Submitted to: Meeting Abstract
Publication Type: Abstract Only
Publication Acceptance Date: 10/5/2007
Publication Date: 1/2/2008
Citation: Heaton, M.P., Keele, J.W., Harhay, G.P., Richt, J., Koohmaraie, M., Wheeler, T.L., Shackelford, S.D., Casas, E., King, D.A., Sonstegard, T.S., Van Tassell, C.P., Neibergs, H.L., Chase, C.C., Kalbfleisch, T.S., Smith, T.P., Clawson, M.L., Laegreid, W.W. 2008. Prevalence of the prion gene E211K variant in U.S. cattle (abstract). Plant and Animal Genome XVI Conference. Poster No. P538.

Interpretive Summary:

Technical Abstract: In 2006, an atypical U.S. case of bovine spongiform encephalopathy (BSE) was discovered in Alabama and later reported to be polymorphic for glutamate (E) and lysine (K) codons at position 211 in the bovine prion gene (PRNP) coding sequence.
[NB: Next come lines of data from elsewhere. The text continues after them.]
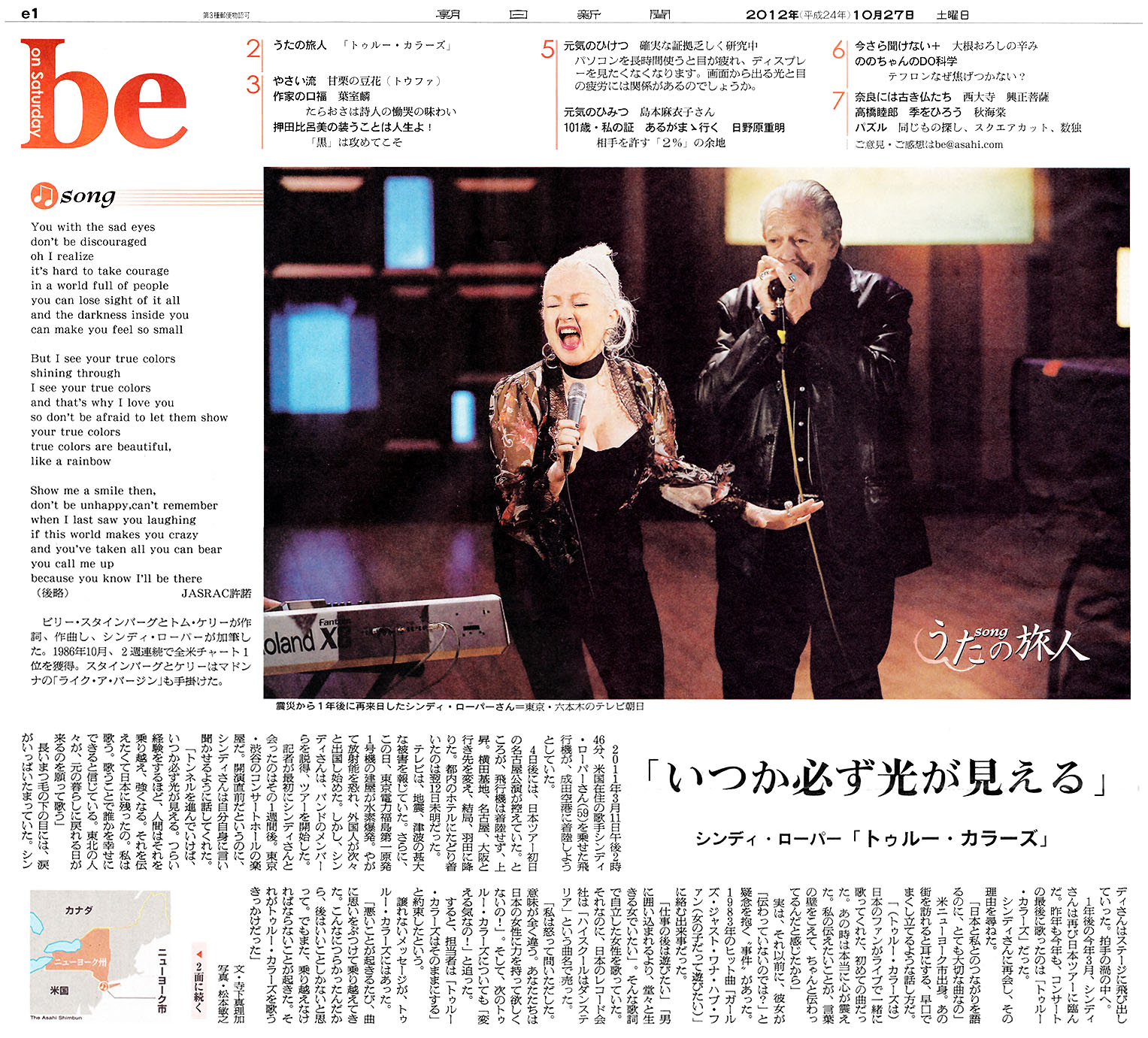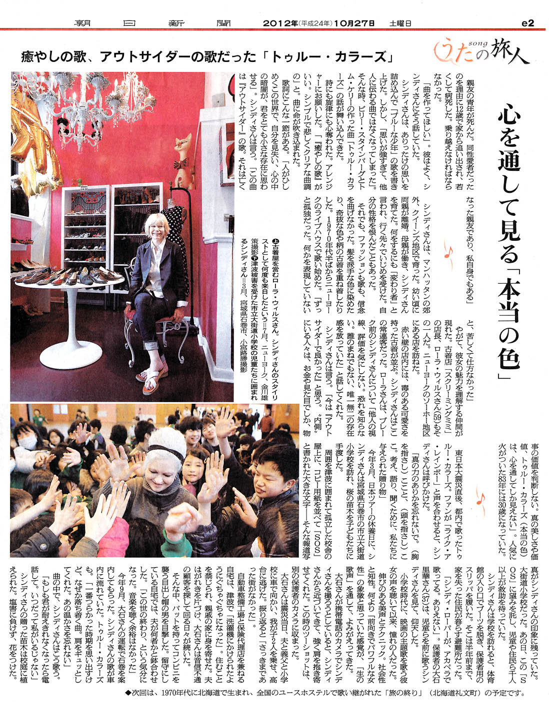それが "True Colors" を歌うきっかけだった」つづきは2面にて。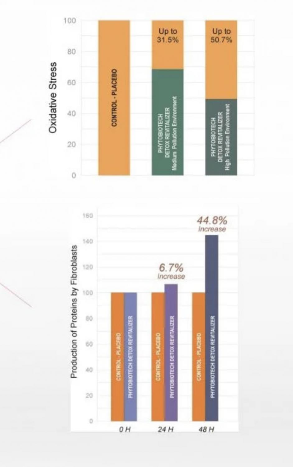 - Strong detoxifying product in reducing oxidative stress on cells by as much as 50.7% at higher levels of pollutants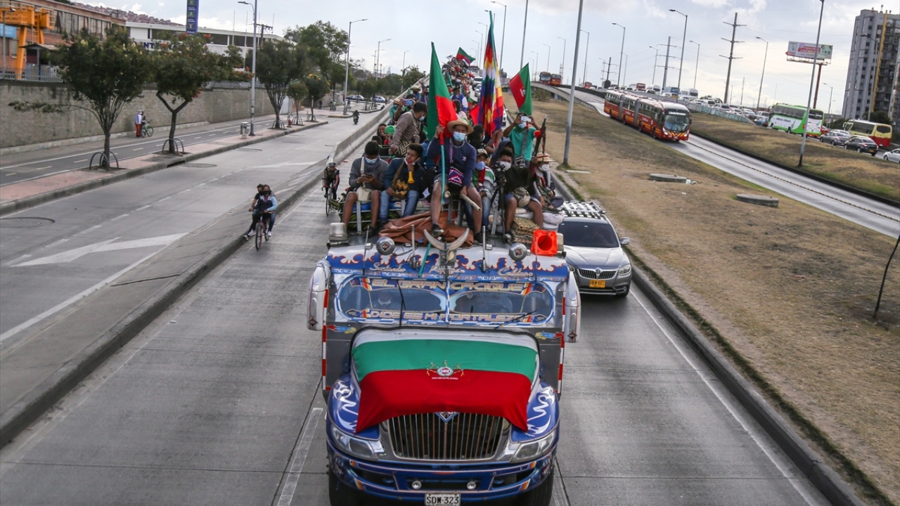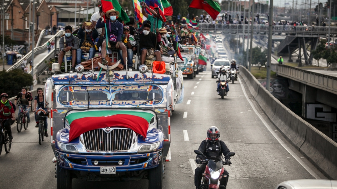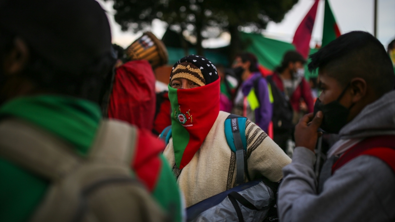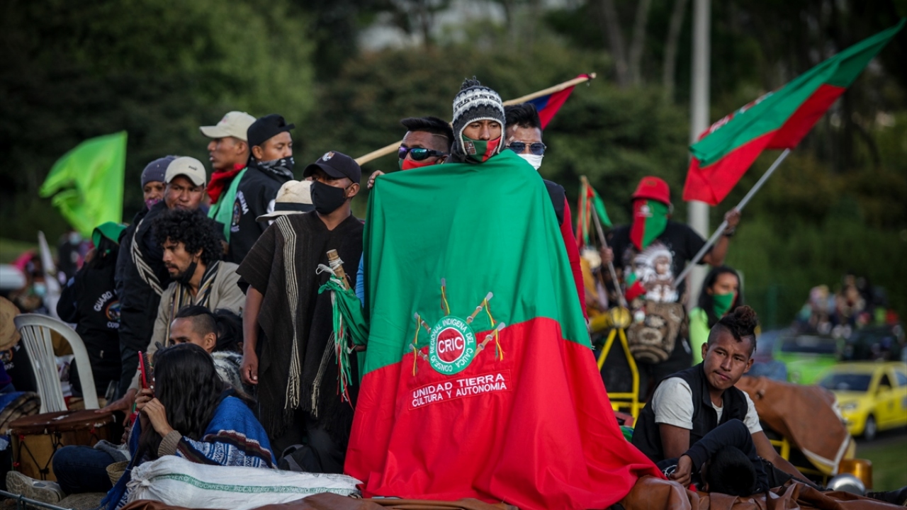 Kolombiya'daki 'Minga' olarak adlandırılan yerli topluluklar, hükümetten çeşitli haklar talep etmek amacıyla 600 kilometrelik seyahatlerini tamamlayarak başkent Bogota'ya vardı.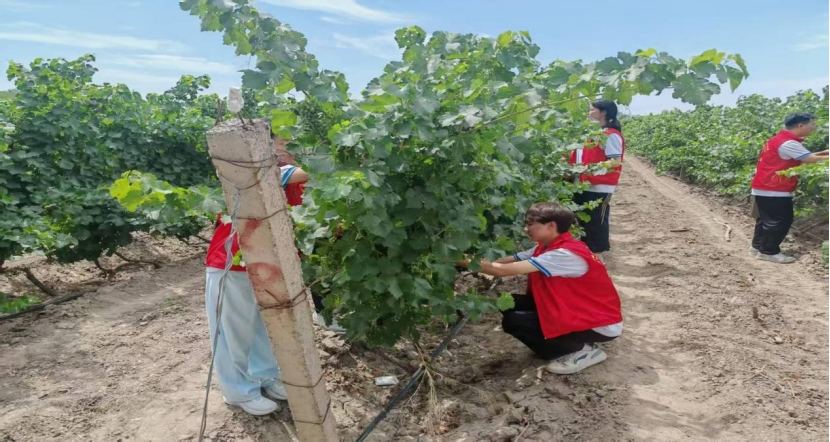 绿色发展倡导团首站深入玛纳斯葡萄田,师生们顶着烈日投入疏果、修剪工作。分工协作间,指尖在藤蔓灵活穿梭,亲身体验果农辛劳,更掌握了葡萄整枝、病虫害防治等实用技能。在中兴尼雅葡萄酒股份有限公司,在生产车间实地观摩发酵罐运作、果汁压榨、无菌灌装等全流程工艺,并与技术人员深入交流酿酒原料筛选、发酵温度控制等专业问题,贯通田间种植与工业加工知识,构建起从“葡萄藤到葡萄酒”的完整认知体系。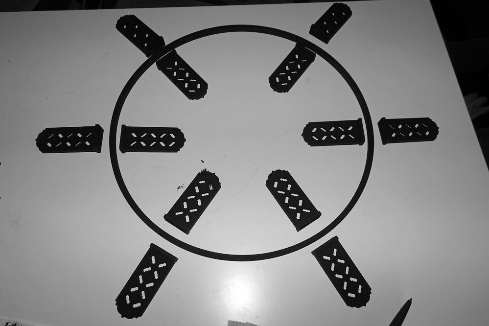 Darunter kommt u. a. ein schwarzer Kranz [eine erste Stellprobe ohne Kabel etc.].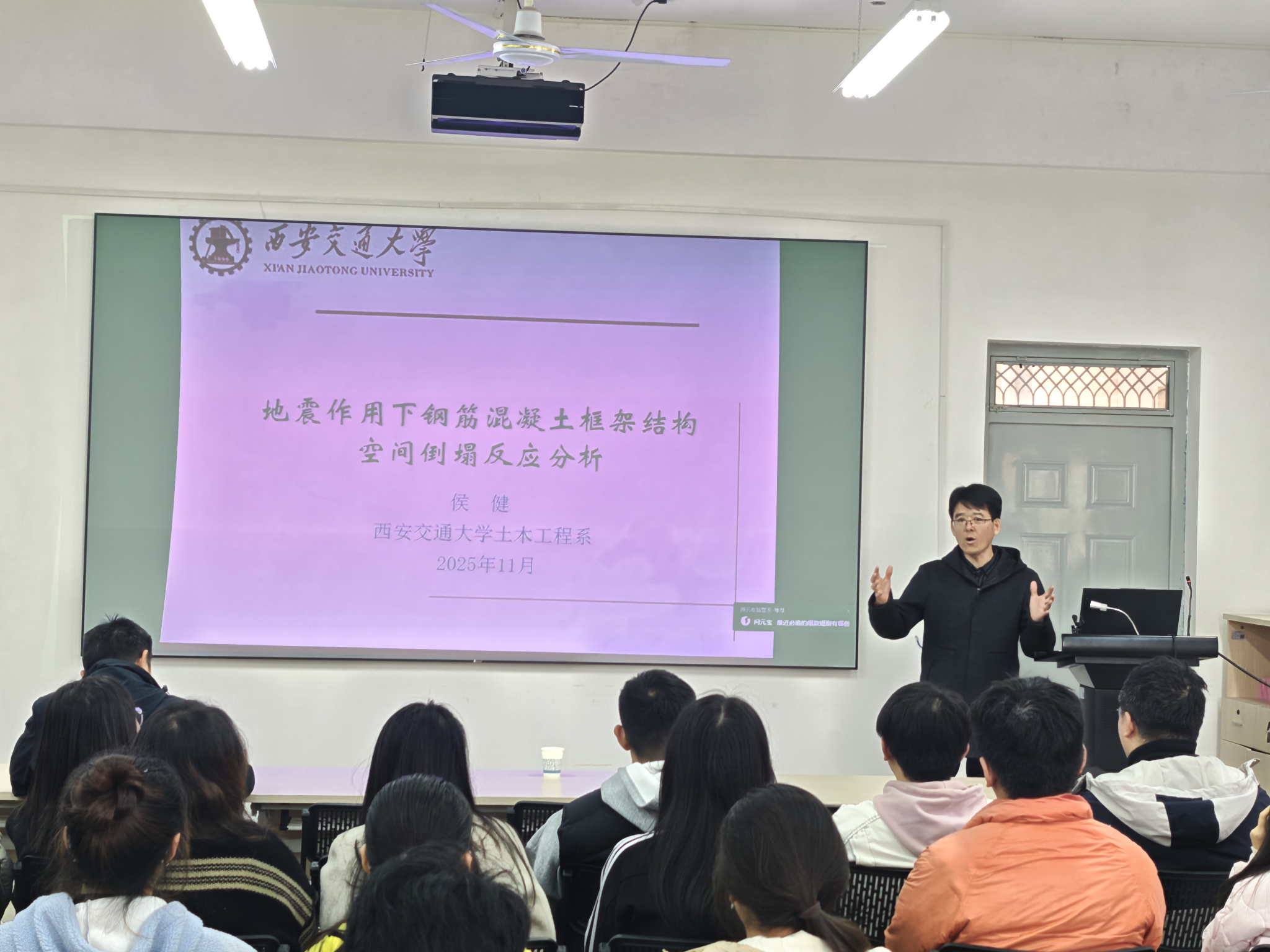 11月14日上午10时,西安工程大学城市规划与市政工程学院“丝路大讲堂”第十一期学术报告在8-322报告厅顺利开讲。本次讲座特邀西安交通大学土木工程系侯健教授担任主讲,以《地震作用下钢筋混凝土框架结构空间倒塌反应分析》为题,为全院师生带来了一场聚焦结构抗震领域的前沿学术分享。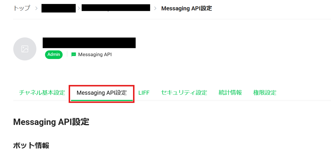 作成したチャネルを選択→Messaging APIと進みます。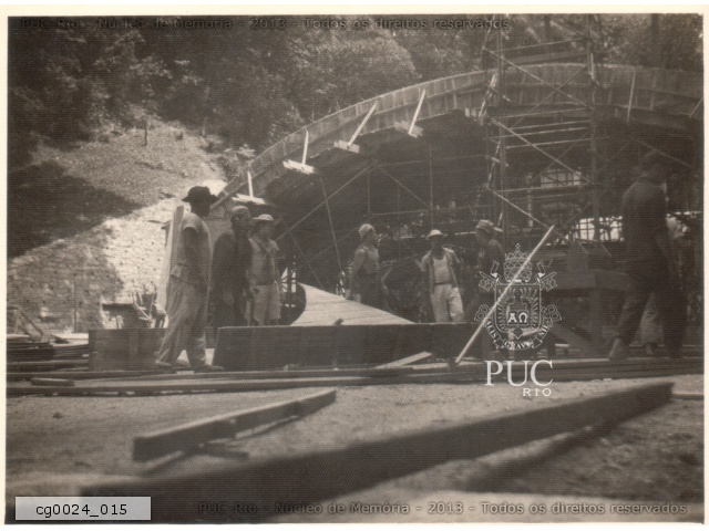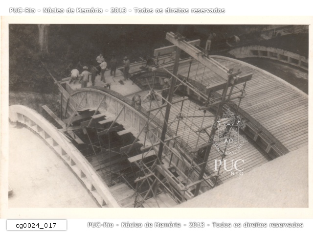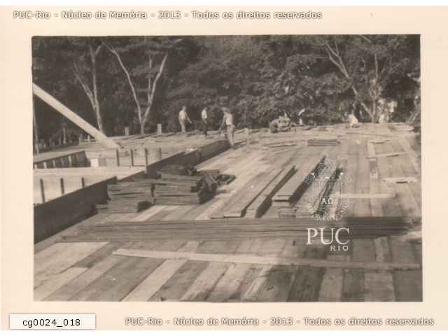 Telhado em obras durante a construção do ITUC (Instituto Tecnológico PUC-Rio). |
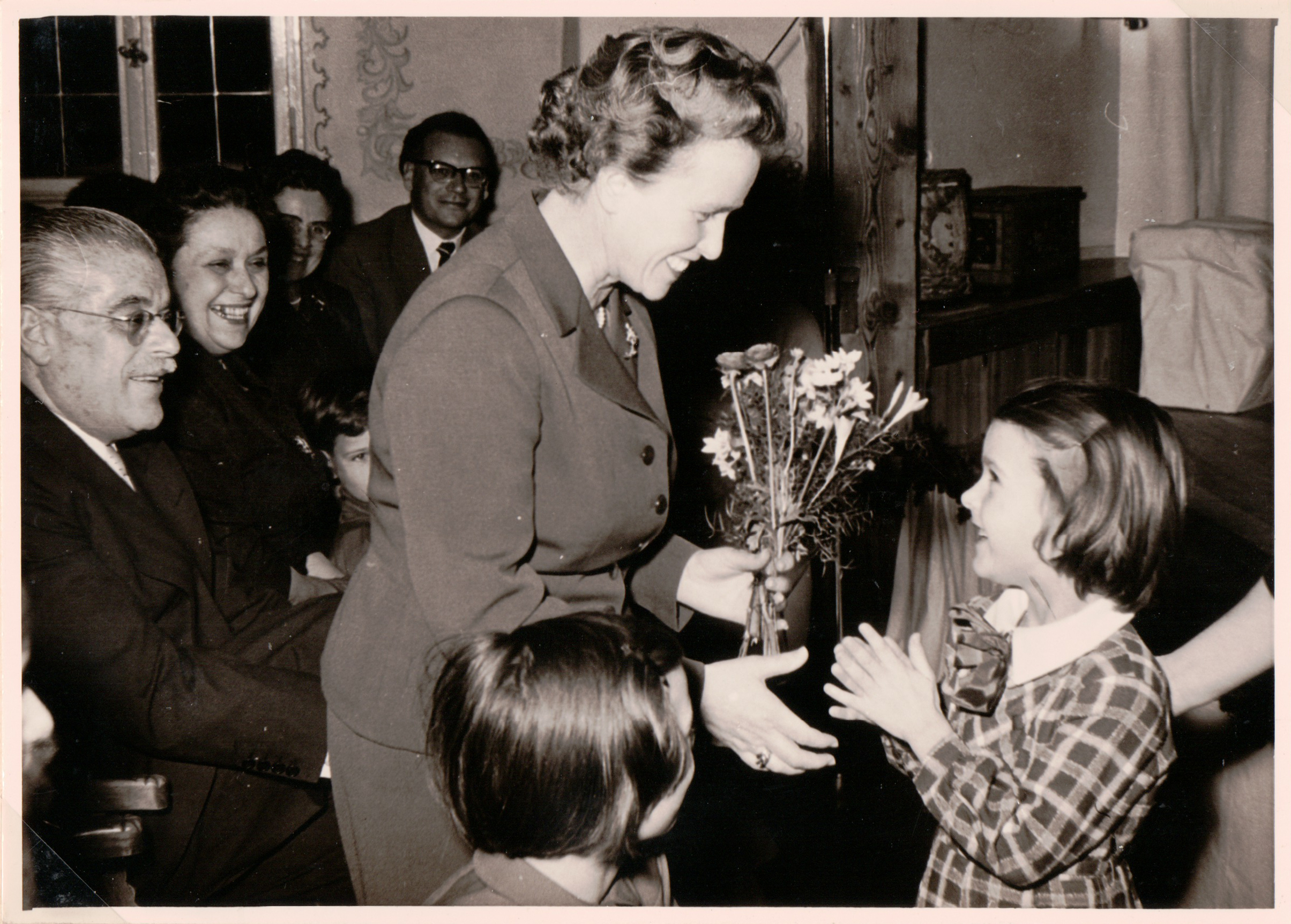 | Beschreibung | Weihnachtsfeier 1954 im Kinderheim Grete Schickedanz. Im Bild links Gustav Schickedanz, daneben Liesl Kießling und mittig Grete Schickedanz | ||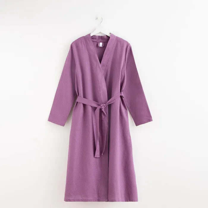 Халат вафельный женский удлинённый Экономь и Я размер 42-44, цвет лаванда, 100% хлопок, 200г/м2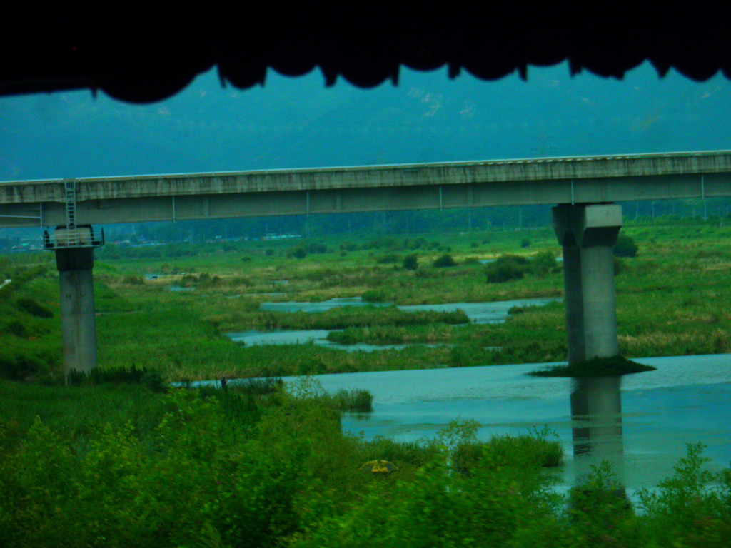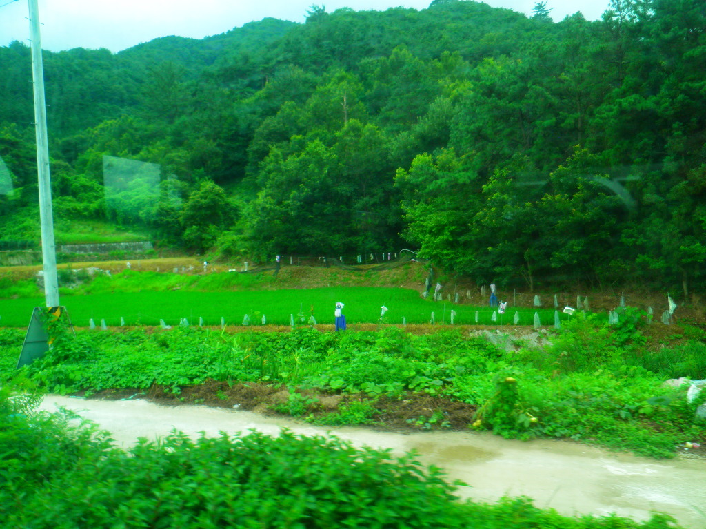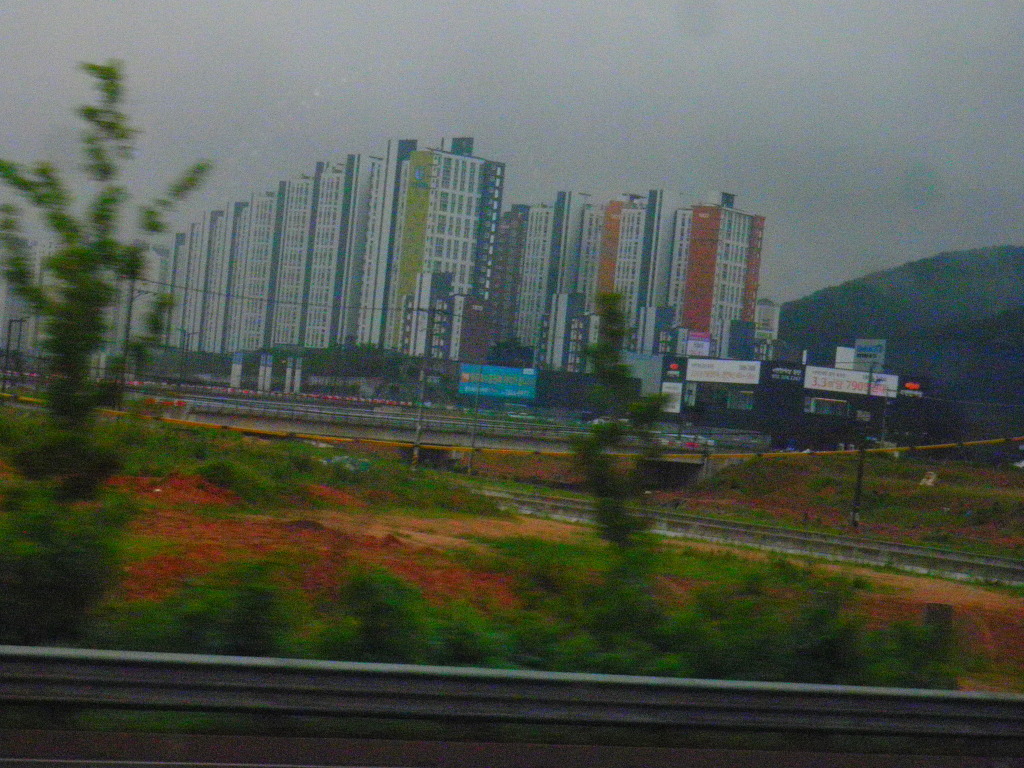 오락가락하는 궂준빗줄기 차창가 넘어 달리는 좌우시경에 잡힌 동탄 동편신도시 건설현장 마무리 아파트 굴림지 전경 클로즘엄돼어 을지4가에서7시 출발 곡성까지 4시간 소요돼어

A bovine E211K mutation is important because it is analogous to the most common pathogenic mutation in humans (E200K) which causes hereditary Creutzfeldt-Jakob Disease, an autosomal dominant form of prion disease. The present report describes a high-throughput matrix-associated laser desorption/ionization-time-of-flight mass spectrometry (MALDI-TOF MS) genotype assay for scoring the PRNP E211K variant and its use to determine an upper limit for the K211 allele prevalence in U.S. cattle. The K211 allele was not detected in more than 5500 cattle, including those from five commercial beef processing plants in three states (3892 carcasses) and more than 1600 registered cattle from 30 breeds. Nearby polymorphisms in PRNP coding sequences obtained from more than 950 diverse purebred cattle (30 breeds) did not interfere with scoring E211 or K211 alleles. Based on cattle in this study, the prevalence of the E211K variant was estimated to be extremely low, less than 1 in 1800 cattle (based on 95% of the posterior distibution with a uniform prior). Consequently, high-throughput DNA testing may be required to identify carriers and further evaluate this allele as a risk factor for atypical BSE.